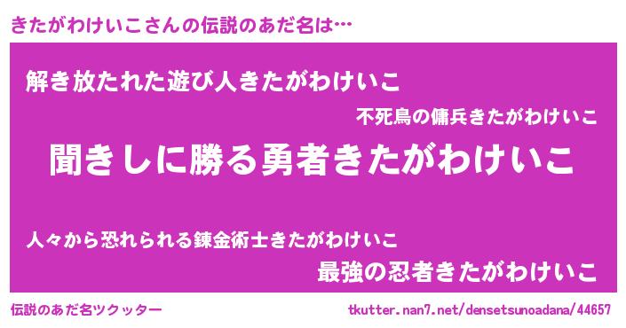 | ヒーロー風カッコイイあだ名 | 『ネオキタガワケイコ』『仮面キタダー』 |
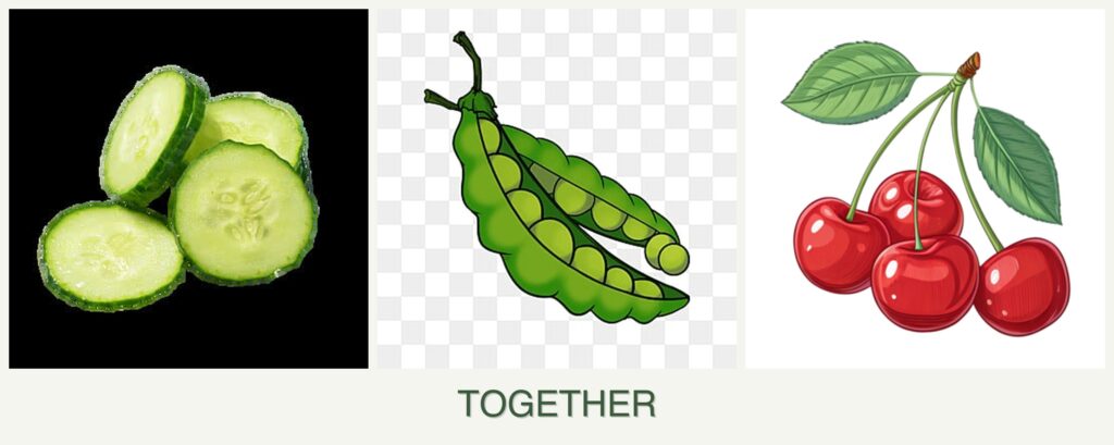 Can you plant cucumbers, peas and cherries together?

==

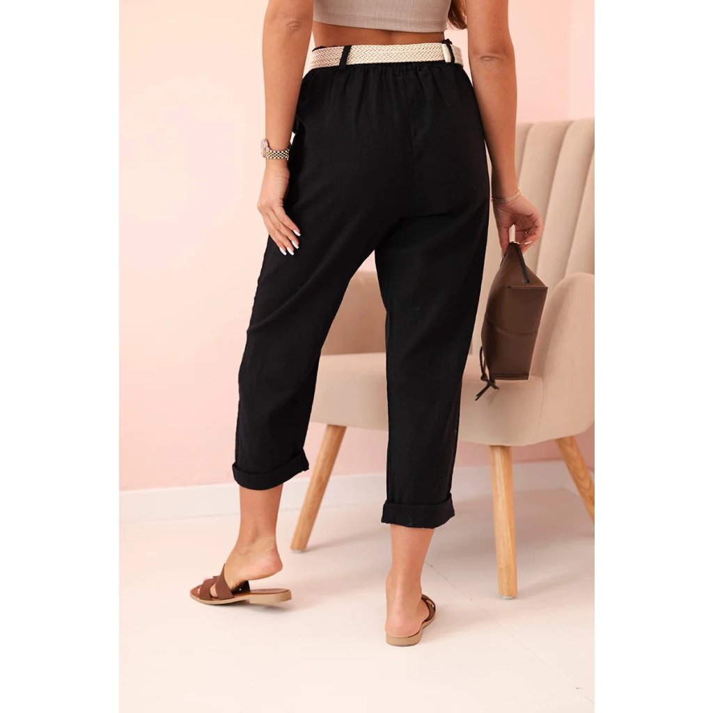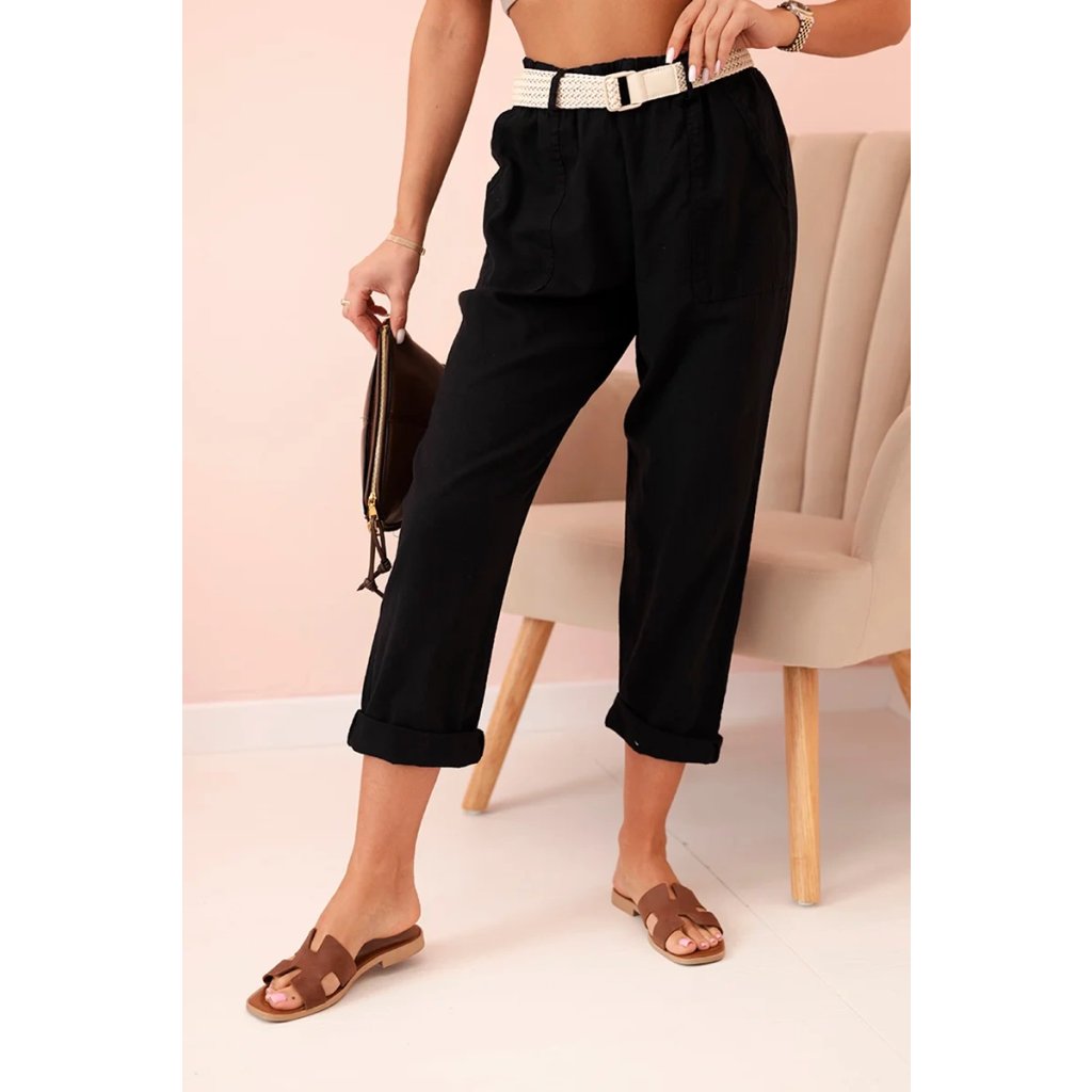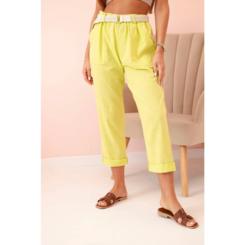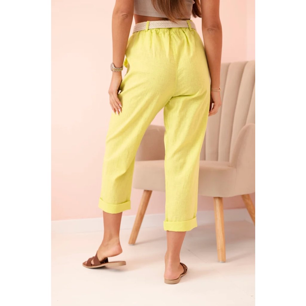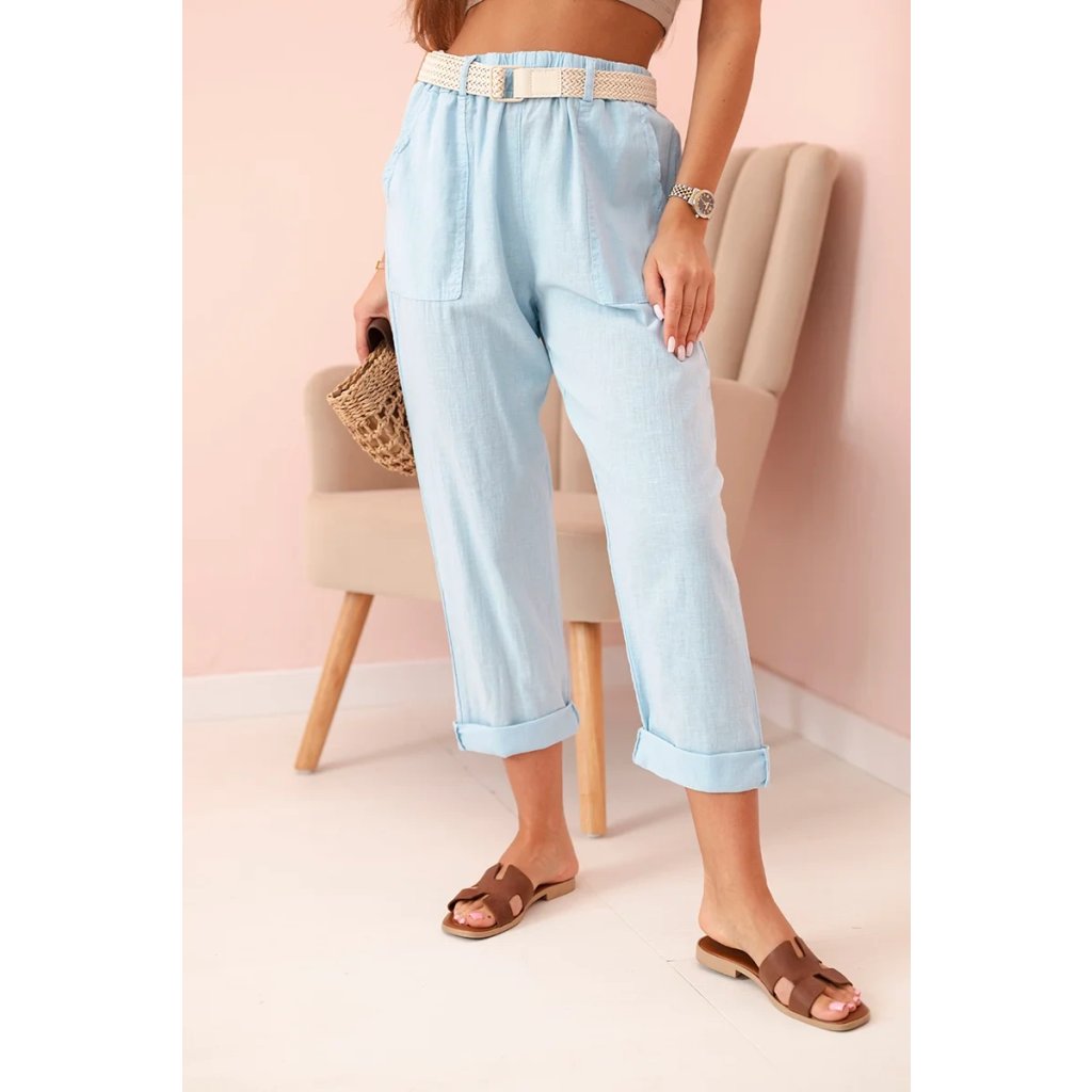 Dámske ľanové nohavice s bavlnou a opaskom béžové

_Instructions to follow_
Only the lines of the listing above from the one with "ヒーロー風カッコイイあだ名 | 『ネオキタガワケイコ』『仮面キタダー』 |" through the one with "Can you plant" should be output, exactly, with both ends kept and pictures left out.

_Answer space_
 | ヒーロー風カッコイイあだ名 | 『ネオキタガワケイコ』『仮面キタダー』 |
 Can you plant cucumbers, peas and cherries together?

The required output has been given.